• _Material shown_:
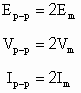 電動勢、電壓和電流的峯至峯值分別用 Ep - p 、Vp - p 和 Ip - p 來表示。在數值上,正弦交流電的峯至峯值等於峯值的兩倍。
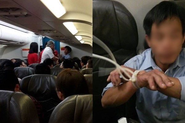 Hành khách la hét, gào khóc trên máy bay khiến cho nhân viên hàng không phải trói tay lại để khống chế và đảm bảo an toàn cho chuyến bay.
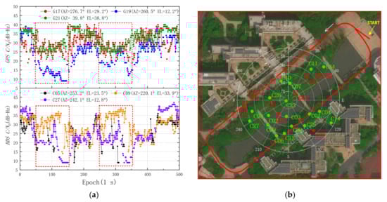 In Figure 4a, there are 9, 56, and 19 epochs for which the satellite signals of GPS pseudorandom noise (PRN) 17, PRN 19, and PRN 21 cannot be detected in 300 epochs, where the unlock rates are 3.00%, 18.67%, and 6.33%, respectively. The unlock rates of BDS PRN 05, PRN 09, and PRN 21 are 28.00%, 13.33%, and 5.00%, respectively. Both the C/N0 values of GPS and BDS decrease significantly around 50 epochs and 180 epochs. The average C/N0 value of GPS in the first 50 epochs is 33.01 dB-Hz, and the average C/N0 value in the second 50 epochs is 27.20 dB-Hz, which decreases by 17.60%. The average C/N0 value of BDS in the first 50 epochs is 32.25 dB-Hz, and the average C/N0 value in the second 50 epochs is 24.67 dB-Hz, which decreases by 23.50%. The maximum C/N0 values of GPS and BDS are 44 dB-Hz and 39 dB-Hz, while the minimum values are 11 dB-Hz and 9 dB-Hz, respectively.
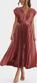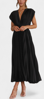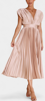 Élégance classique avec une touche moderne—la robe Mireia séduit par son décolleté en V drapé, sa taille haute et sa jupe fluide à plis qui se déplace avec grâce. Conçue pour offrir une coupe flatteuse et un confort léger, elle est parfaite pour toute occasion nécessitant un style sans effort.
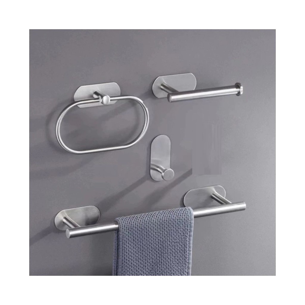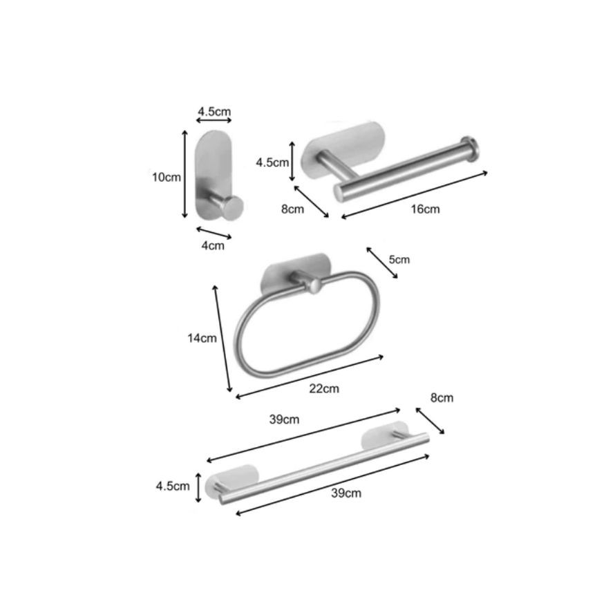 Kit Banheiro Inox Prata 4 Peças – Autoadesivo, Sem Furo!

• _Directions_: Your task is to repeat, word for word and with no picture, every line from the one that contains "In Figure 4a, there" through the last line of the data.

• _Expected answer_:
 In Figure 4a, there are 9, 56, and 19 epochs for which the satellite signals of GPS pseudorandom noise (PRN) 17, PRN 19, and PRN 21 cannot be detected in 300 epochs, where the unlock rates are 3.00%, 18.67%, and 6.33%, respectively. The unlock rates of BDS PRN 05, PRN 09, and PRN 21 are 28.00%, 13.33%, and 5.00%, respectively. Both the C/N0 values of GPS and BDS decrease significantly around 50 epochs and 180 epochs. The average C/N0 value of GPS in the first 50 epochs is 33.01 dB-Hz, and the average C/N0 value in the second 50 epochs is 27.20 dB-Hz, which decreases by 17.60%. The average C/N0 value of BDS in the first 50 epochs is 32.25 dB-Hz, and the average C/N0 value in the second 50 epochs is 24.67 dB-Hz, which decreases by 23.50%. The maximum C/N0 values of GPS and BDS are 44 dB-Hz and 39 dB-Hz, while the minimum values are 11 dB-Hz and 9 dB-Hz, respectively.
 Élégance classique avec une touche moderne—la robe Mireia séduit par son décolleté en V drapé, sa taille haute et sa jupe fluide à plis qui se déplace avec grâce. Conçue pour offrir une coupe flatteuse et un confort léger, elle est parfaite pour toute occasion nécessitant un style sans effort.
 Kit Banheiro Inox Prata 4 Peças – Autoadesivo, Sem Furo!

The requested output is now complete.